There are only a few studies that that have looked at the experience of other institutions. In a 1993 study, Markin et al.
noted that after implementation of frozen-section analysis, primary nonfunction in recipients dropped from 8.5% to 1.4% [1
]. They stated that frozen section is a reliable tool for evaluating the appropriateness of a liver for use in transplant. Fiorentino et al.
, using a cutoff of 30%, recorded an overestimation of the amount of steatosis at frozen-section in just 1.4% of biopsies. This is markedly lower than in our study. They state that frozen-section histological analysis is an effective and predictive method for liver transplantation [3
]. However, El-Badry et al.
has argued that the frozen section is no longer the gold standard for hepatic steatosis [8
]. They compared 46 cases among 4 expert pathologists from multiple institutions across Europe and the United States. The pathologists disagreed with one another, and disagreed with computerized quantification of steatosis.

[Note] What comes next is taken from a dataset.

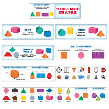 Introduce students to plane and solid shapes with the 40 pieces in this mini bulletin board set. Perfectly sized for use in a pocket chart or on a bulletin board, the mini posters are ideal for reinforcing important geometry concepts and academic vocabulary. When used in a math learning center, the geometric shapes, cards, and photographic images of real-world objects are perfect for helping students make connections between geometric shapes and shapes in the world around them. Perfect for grades K—2. Pieces range in size from 3 ½?x 3? to 21?x 6?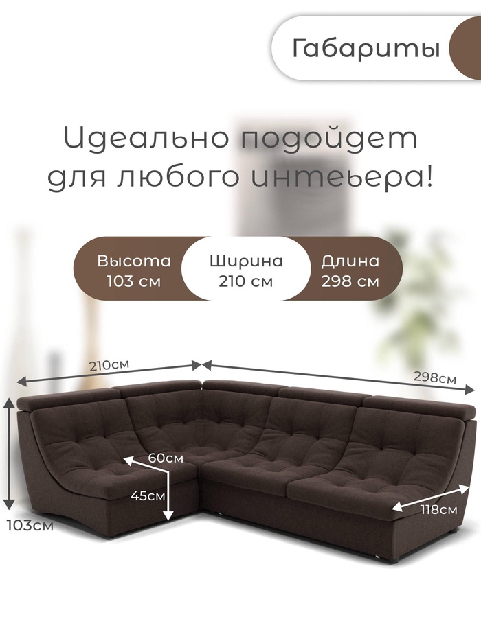 Угловой модульный диван «Монако 3», ППУ, механизм венеция, велюр, цвет квест 033

When a pathologist simply "eyeballs" a slide to appraise some ratio or percentage of hepatocytes containing fat vacuoles versus those without vacuoles it is usually some form of estimate based on the pathologist's personal perception. A more objective approach would be to use a comparison chart which illustrates liver tissue with fatty change of known percentages in increments varying by 10% as defined by morphometric analysis.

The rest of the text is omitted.